KT: Bei mir hat das mit dem Wechsel der Wandfarbe von Weiß zu Dunkelblau an allen Wänden enorm etwas gebracht. Das sieht hier alles aus wie unter Wasser in einem Aquarium. Das macht eine unglaublich ruhige Atmosphäre und das hilft natürlich dem einen oder anderen Schüler, aber vor allem natürlich auch mir selbst. Ich bin ja auch so ein Energiebündel und schnell einmal unruhiger Mensch und passe immer auf, dass ich mir keine großen Ablenkungen in den Arbeitsalltag einbaue. Und klar - ich brauche auch Abstellfläche und ich will auch Schaubilder an den Wänden haben und das habe ich dann so gelöst, dass ich an die Regale und Schaubilder einfach hinter Rollos verschwinden, die ich an die Decke gedübelt habe und dich dann hochziehen kann, wenn ich die Sachen dahinter brauche.
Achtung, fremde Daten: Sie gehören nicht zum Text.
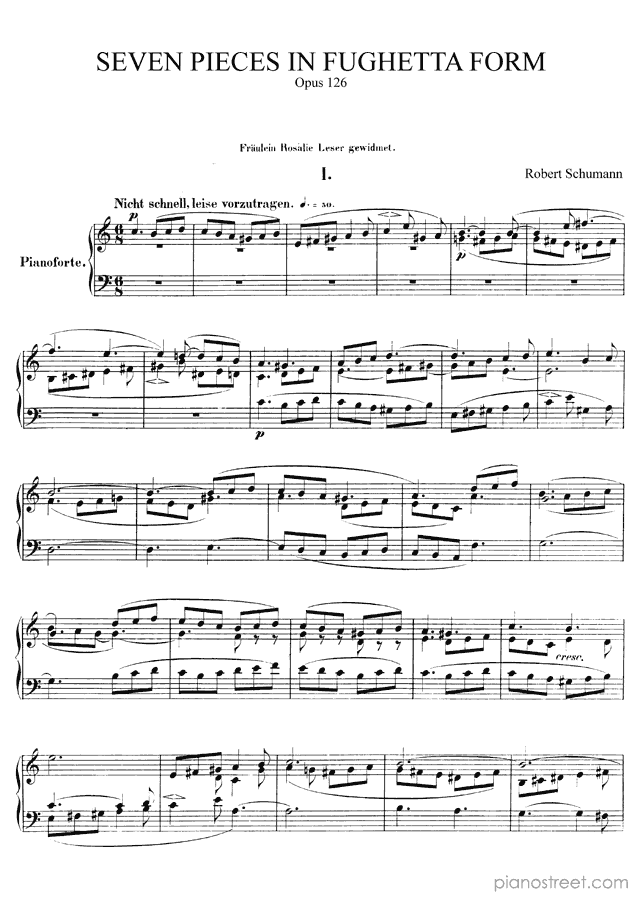 Schumann: Piece in Fughetta Form Op. 126 No. 7 in A Minor (published in 1853) . DOWNLOAD piano sheet music from Piano Street digital sheet music library.
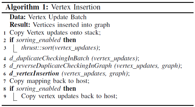 实际的图数据分别存储在点存储块和页存储块中。所有的点存储块的结构和大小相同,根据其在GPU端的标识符连续存储,构成一个动态增长的列表。新的点插入时,要么重用已被删除的结点,要么在列表的最后进行追加,不会触发在列表中间的删除和内容的移动。因此,通过使用原子的fetch-and-add操作为新插入的点赋予唯一的标识符即可实现上述操作。下图为点插入的伪代码。对即将执行插入操作的一批点,faimgraph系统首先将其根据标识符进行排序,排序的目的主要是进行一个批次内部的去重操作。同时,还需要对图数据中原有的点与即将插入的点进行比较。在这里作者提出了名为反向检查的优化。对图数据中原有的点与即将插入的点进行去重时,一般的逻辑为将即将插入的点作为搜索目标,在已有的点中进行搜索。而作者认为已有的点的数目远远多于即将插入的点的数目,这时单次搜索操作的耗时过长且负载不均衡。作者的解决方案是反其道而行之,将已有的点作为搜索目标,在即将插入的点中搜索。由于不同的点的搜索可以并行,作者此时实际上是通过提高并行度来弥补搜索次数的增加。
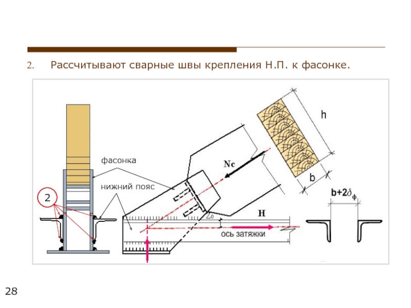 Слайд 48Узел крепления сжатой стойки к верхнему поясу.
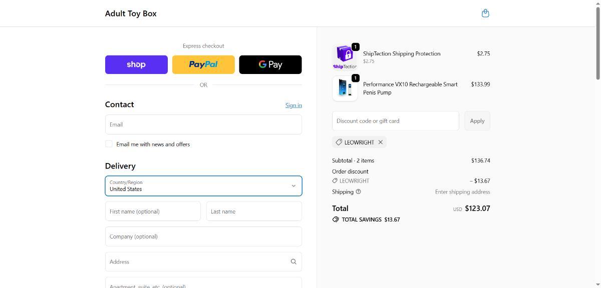 Use promo code: LEOWRIGHT at checkout to get 30% off your order on Adult Toy Box.
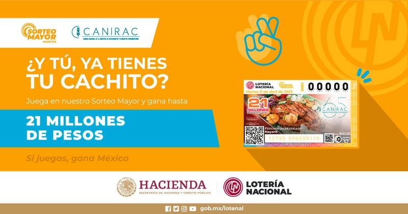 De acuerdo con la Lotería Nacional, “este sorteo otorga un premio mayor por 21 millones en tres series y una bolsa repartible de más de 66 millones de pesos”.
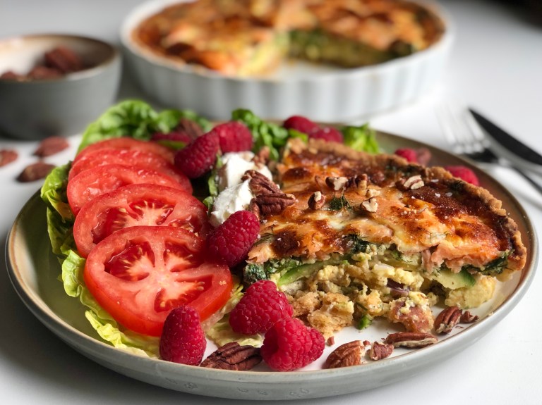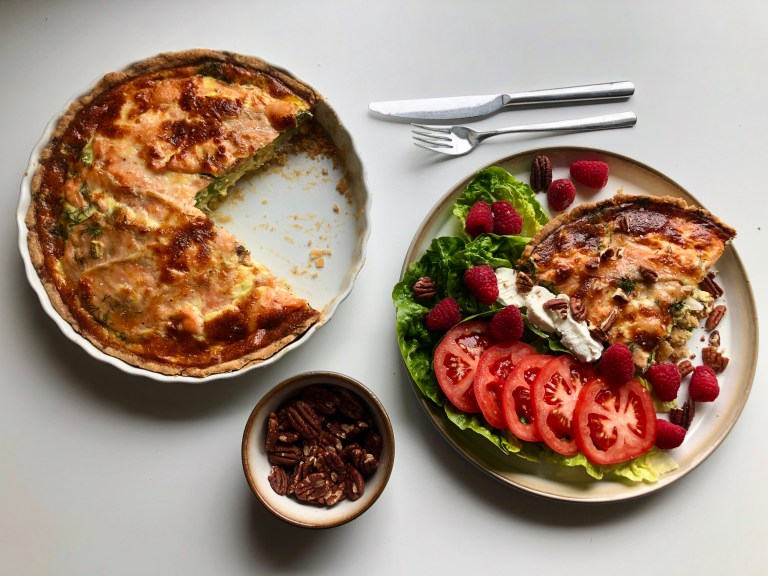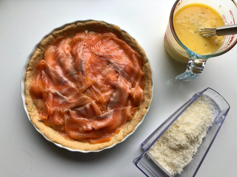 Hell over omtrent halvparten av egg/melkblandingen og legg på laksen.
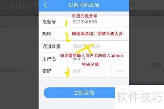 8、 输入设备编号和昵称等信息,确认无误后点击立即添加,即可完成网络监控nvsipid的配置。

So habe ich alle Quintenzirkel- und Musikgeschichts-Schaubilder, die Komponistentabelle, die Europakarte und was ich so alles an Schaubildern brauche griffbereit. Genauso meinen ganzen Fuhrpark an Dämpfern, Trompetenölen, Noten und Mundstücken. Klar, man hätte das auch mit Vorhängen lösen können, aber ich kann nicht nähen. Aber natürlich - in einem Klassenzimmer, wo man zwischen hochgestellten Stühlen unterrichtet, da kann man das einfach nicht bieten und muss sich dann eben anders behelfen. Das ging mir auch schon so.

MM: Das ist immer so das Ding. Und seit zwei oder drei Jahren haben wir das in der Musikschule, dass wir die Noten über Display zeigen können. Also entweder Display auf dem Notenständer oder Display an der Wand.

KT: Ach cool, das ist ja genau wie bei mir!

MM: Und sowas ist in Schulen ja natürlich auch noch nicht so gegeben. Die meisten Schulen sind noch gar nicht so ausgestattet. Unsere ganzen Dozenten haben alle iPads.

KT: Vorbildlich, Mario. Schulgeräte und nicht eigene digitale Device.

MM: Und die spiegeln die Noten dann auf die Displays. Wir haben das auch so aufgehängt, dass der Trompeter, der Geiger, die Geigerin anständig stehen kann und die Höhe des Displays schon fürs Instrument richtig angepasst ist. Da haben wir dann auch bemerkt, dass die Körperhaltung der Schüler viel besser wird, als wenn sie über dem Notenständer kauern. Die sitzen dann auch mal gerade, müssen dann an die Wand schauen. Das sind eben alles Dinge, die wir in einem Klassenraum nicht haben, weil die wenigsten Klassenräume technisch so weit sind.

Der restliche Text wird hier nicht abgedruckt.